Exactly the lines below starting at the line with "제목 : DMZ 일원 생태계 조사 : 민통선이북지역 중부산악권역" and ending at the line with "从股价走势中来看,$华联商业信托(TS0U.SI)$ $华联商业信托.SG 在市场崩盘时曾经下探至最低点的" are wanted, with both ends included. Leave out the pictures and add no other lines.

=== Available data ===
....

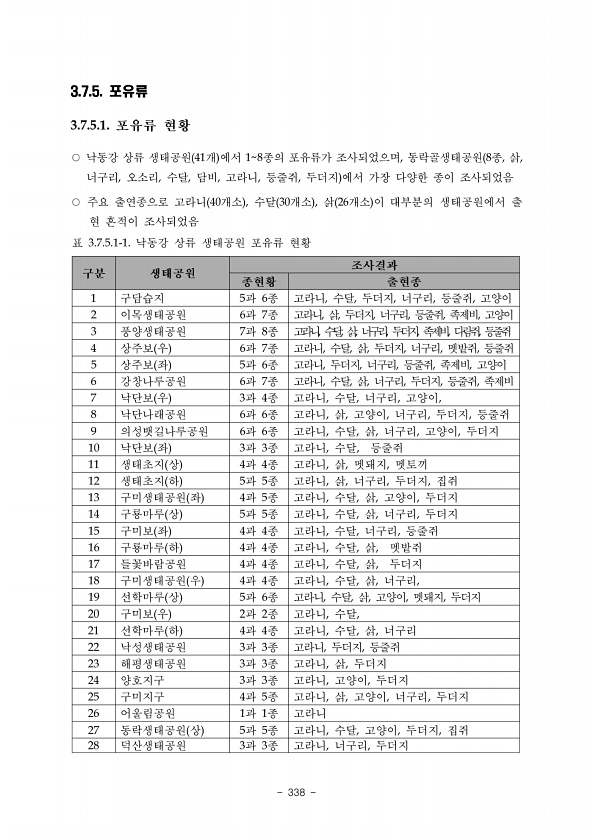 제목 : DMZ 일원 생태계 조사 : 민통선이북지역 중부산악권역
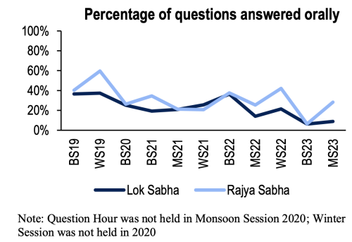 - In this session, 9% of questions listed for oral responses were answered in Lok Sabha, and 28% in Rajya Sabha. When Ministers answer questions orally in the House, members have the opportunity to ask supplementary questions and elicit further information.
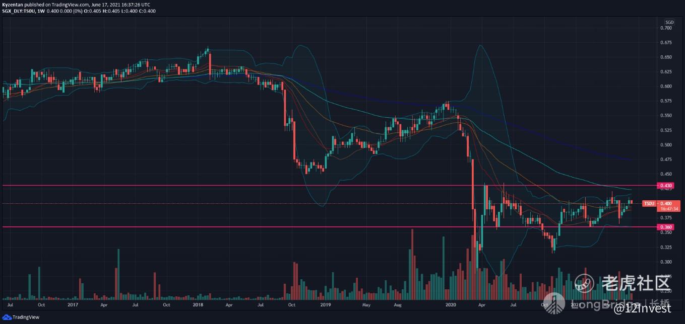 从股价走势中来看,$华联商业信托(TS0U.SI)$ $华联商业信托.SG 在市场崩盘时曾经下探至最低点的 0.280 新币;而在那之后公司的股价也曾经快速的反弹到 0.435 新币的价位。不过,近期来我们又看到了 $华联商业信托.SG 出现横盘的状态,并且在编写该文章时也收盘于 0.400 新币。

....

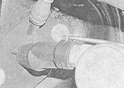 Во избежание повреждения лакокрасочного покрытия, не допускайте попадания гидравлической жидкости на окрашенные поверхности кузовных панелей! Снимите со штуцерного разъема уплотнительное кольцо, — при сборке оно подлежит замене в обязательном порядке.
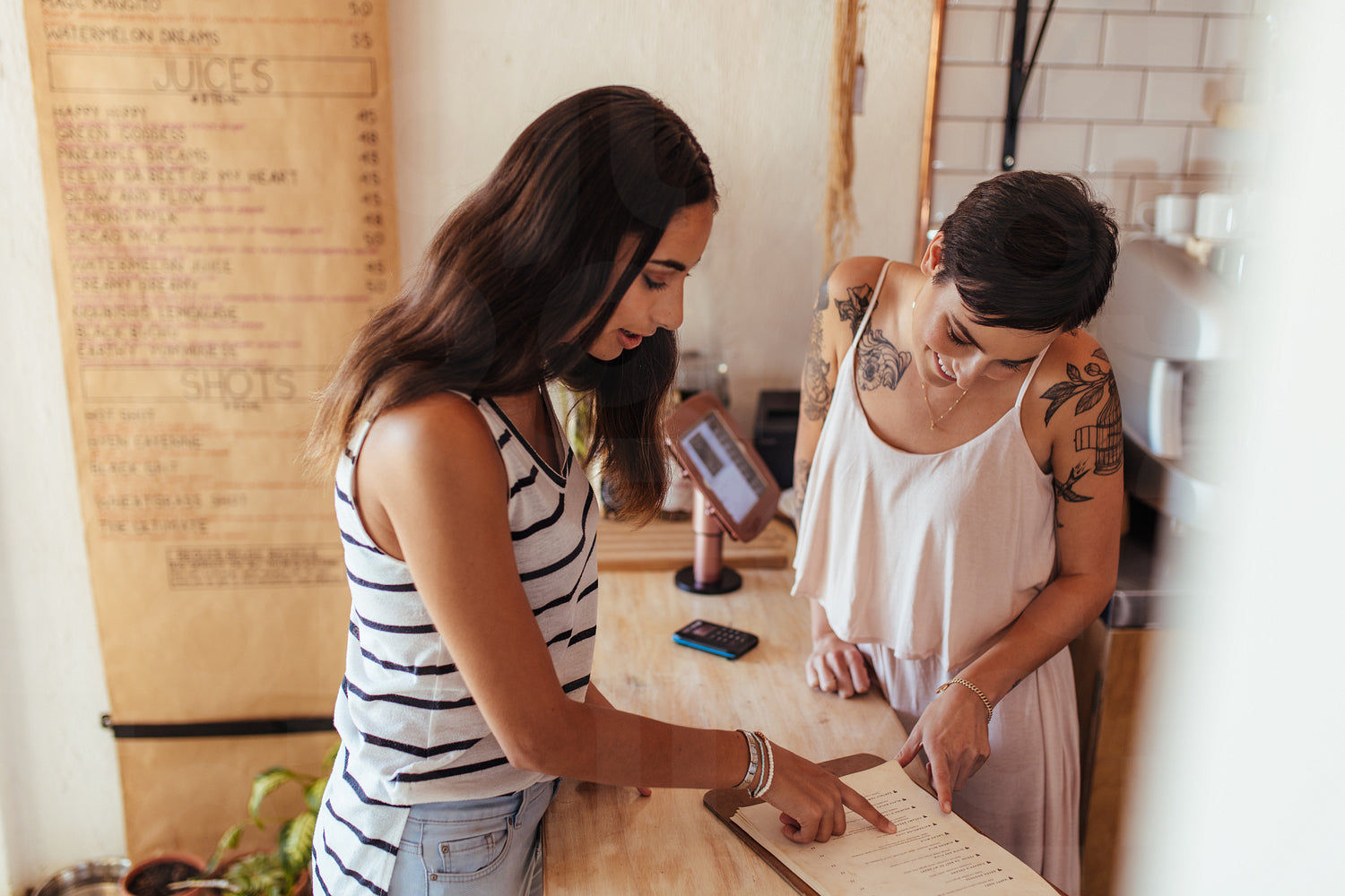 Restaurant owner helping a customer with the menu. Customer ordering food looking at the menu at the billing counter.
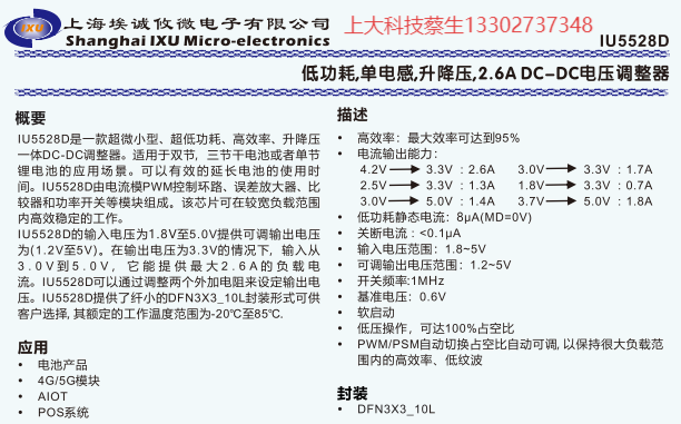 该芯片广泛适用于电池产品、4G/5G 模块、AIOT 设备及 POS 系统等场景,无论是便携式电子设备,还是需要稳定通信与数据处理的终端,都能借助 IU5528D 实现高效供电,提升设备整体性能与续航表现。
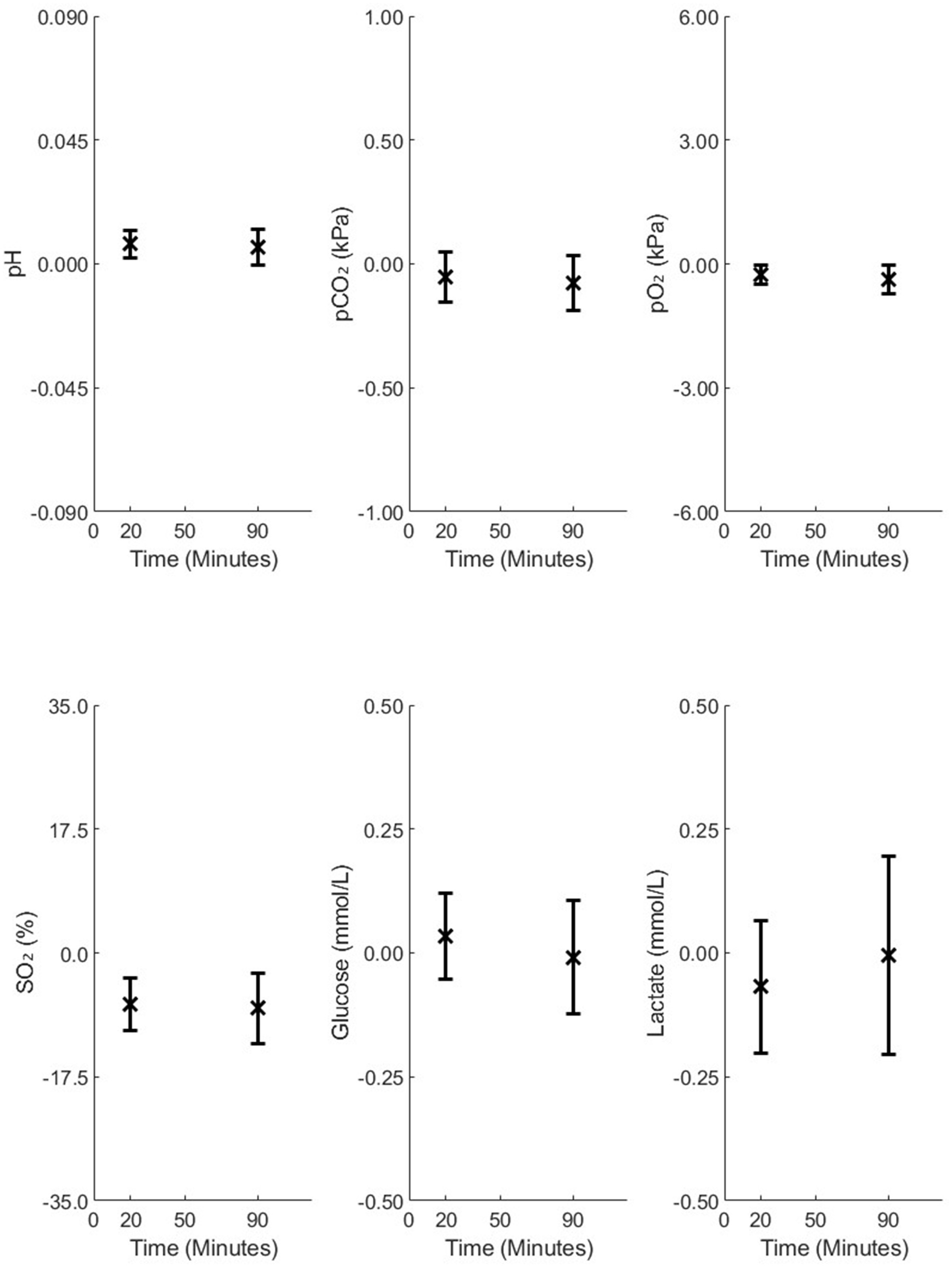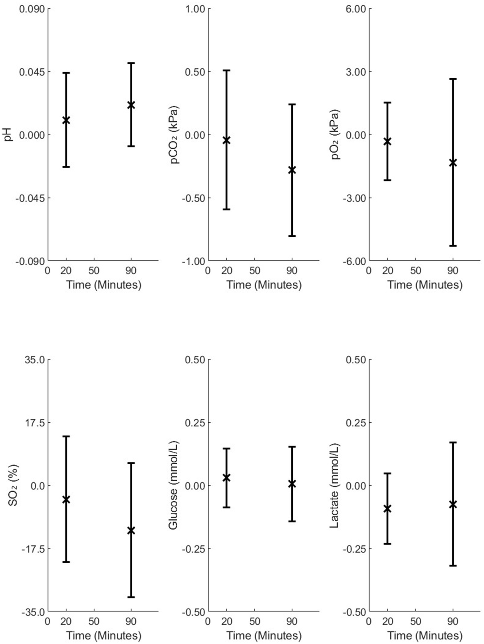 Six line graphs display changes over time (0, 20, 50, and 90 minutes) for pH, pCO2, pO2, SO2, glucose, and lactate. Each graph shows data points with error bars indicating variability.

....

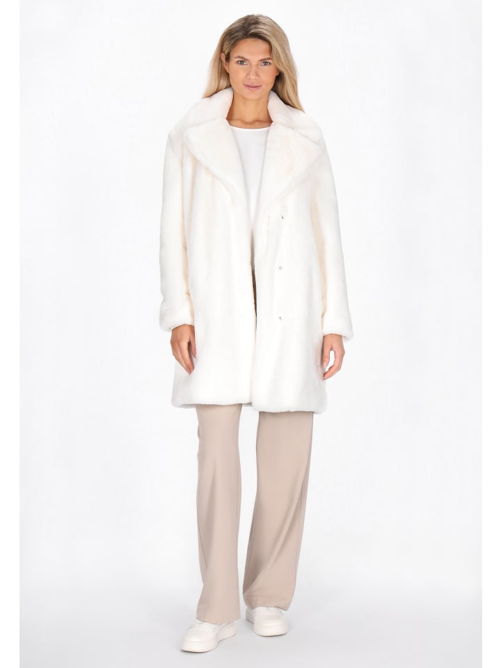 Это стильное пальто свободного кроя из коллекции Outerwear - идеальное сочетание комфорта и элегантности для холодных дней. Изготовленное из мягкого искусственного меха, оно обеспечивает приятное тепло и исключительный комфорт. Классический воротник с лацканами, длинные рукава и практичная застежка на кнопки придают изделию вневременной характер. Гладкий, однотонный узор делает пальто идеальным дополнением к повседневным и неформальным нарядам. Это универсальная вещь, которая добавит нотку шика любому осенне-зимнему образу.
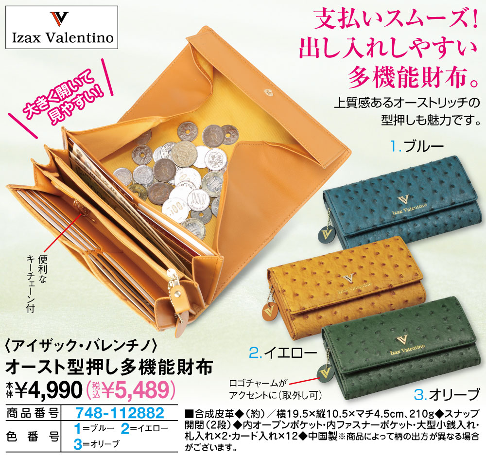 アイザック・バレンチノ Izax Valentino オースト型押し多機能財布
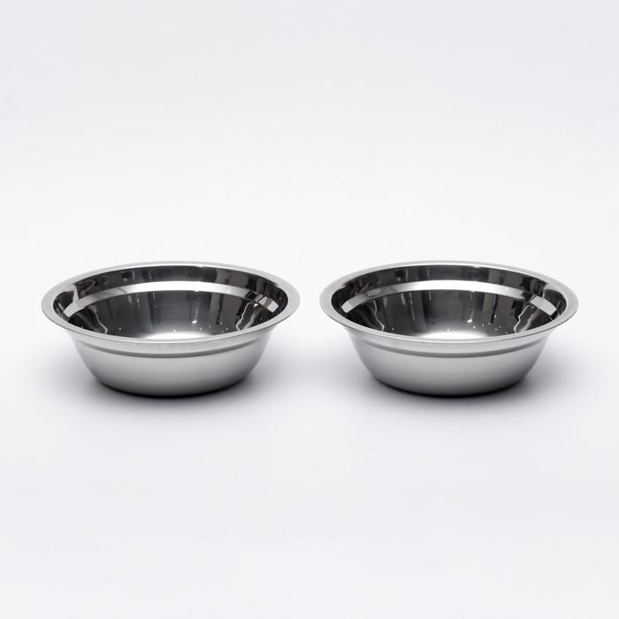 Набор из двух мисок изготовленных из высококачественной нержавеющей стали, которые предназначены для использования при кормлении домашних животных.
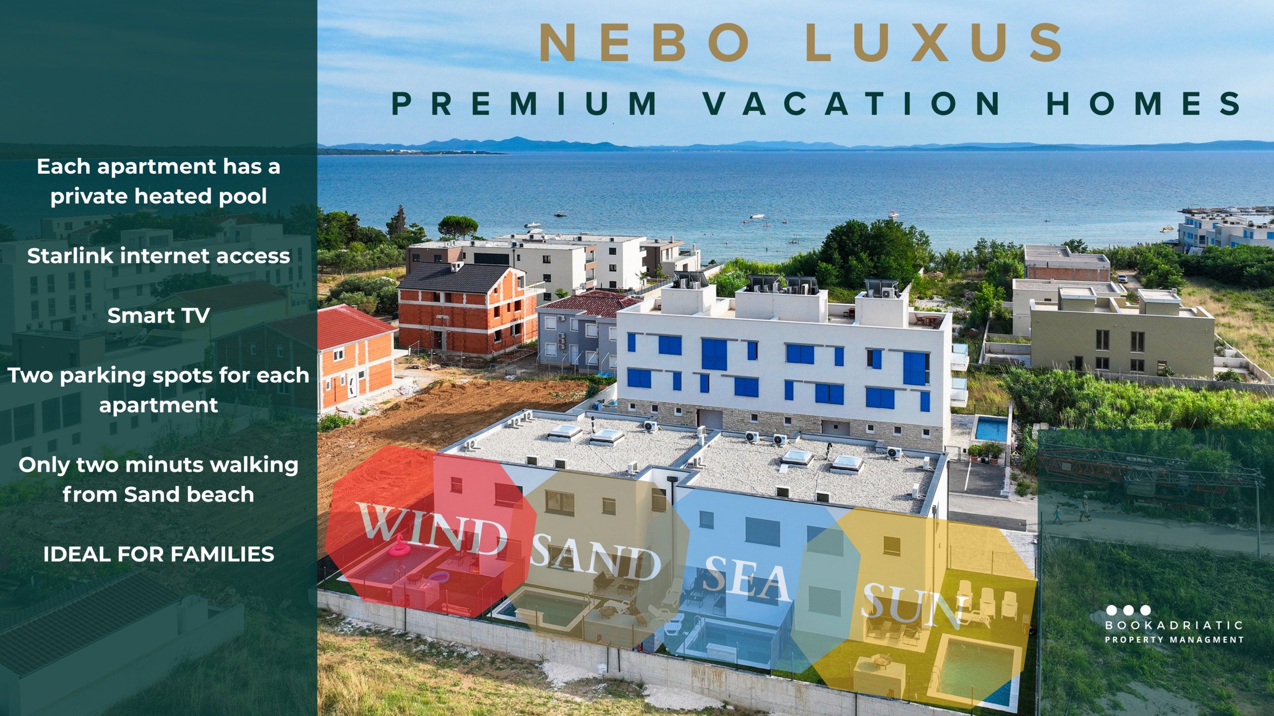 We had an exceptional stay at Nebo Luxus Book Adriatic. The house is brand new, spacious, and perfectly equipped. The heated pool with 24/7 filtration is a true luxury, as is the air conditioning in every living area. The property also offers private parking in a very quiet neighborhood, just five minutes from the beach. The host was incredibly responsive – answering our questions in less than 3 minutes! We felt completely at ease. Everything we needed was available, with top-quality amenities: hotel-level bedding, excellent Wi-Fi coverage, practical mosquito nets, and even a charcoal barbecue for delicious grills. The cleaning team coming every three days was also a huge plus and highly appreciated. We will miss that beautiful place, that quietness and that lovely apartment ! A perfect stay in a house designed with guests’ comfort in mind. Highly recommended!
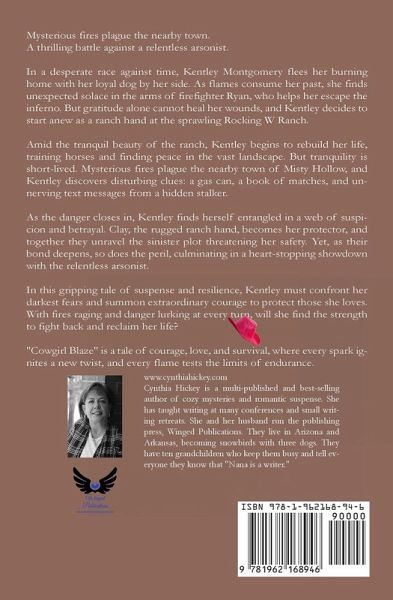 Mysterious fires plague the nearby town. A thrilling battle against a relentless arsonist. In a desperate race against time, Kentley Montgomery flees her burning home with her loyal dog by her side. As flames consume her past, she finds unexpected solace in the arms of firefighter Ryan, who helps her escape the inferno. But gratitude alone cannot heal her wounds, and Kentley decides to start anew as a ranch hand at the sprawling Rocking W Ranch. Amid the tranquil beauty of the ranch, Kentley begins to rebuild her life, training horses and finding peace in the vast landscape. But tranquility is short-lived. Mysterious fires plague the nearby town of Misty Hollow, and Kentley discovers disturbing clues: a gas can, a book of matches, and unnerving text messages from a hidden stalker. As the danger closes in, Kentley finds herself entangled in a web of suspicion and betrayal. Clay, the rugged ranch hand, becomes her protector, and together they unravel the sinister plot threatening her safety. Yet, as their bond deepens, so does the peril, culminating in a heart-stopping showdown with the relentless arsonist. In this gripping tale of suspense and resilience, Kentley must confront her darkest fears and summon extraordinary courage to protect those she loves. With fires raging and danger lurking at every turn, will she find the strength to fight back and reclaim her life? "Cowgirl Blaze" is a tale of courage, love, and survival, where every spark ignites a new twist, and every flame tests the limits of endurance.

....

=== Solution for this task ===
 제목 : DMZ 일원 생태계 조사 : 민통선이북지역 중부산악권역
 - In this session, 9% of questions listed for oral responses were answered in Lok Sabha, and 28% in Rajya Sabha. When Ministers answer questions orally in the House, members have the opportunity to ask supplementary questions and elicit further information.
 从股价走势中来看,$华联商业信托(TS0U.SI)$ $华联商业信托.SG 在市场崩盘时曾经下探至最低点的 0.280 新币;而在那之后公司的股价也曾经快速的反弹到 0.435 新币的价位。不过,近期来我们又看到了 $华联商业信托.SG 出现横盘的状态,并且在编写该文章时也收盘于 0.400 新币。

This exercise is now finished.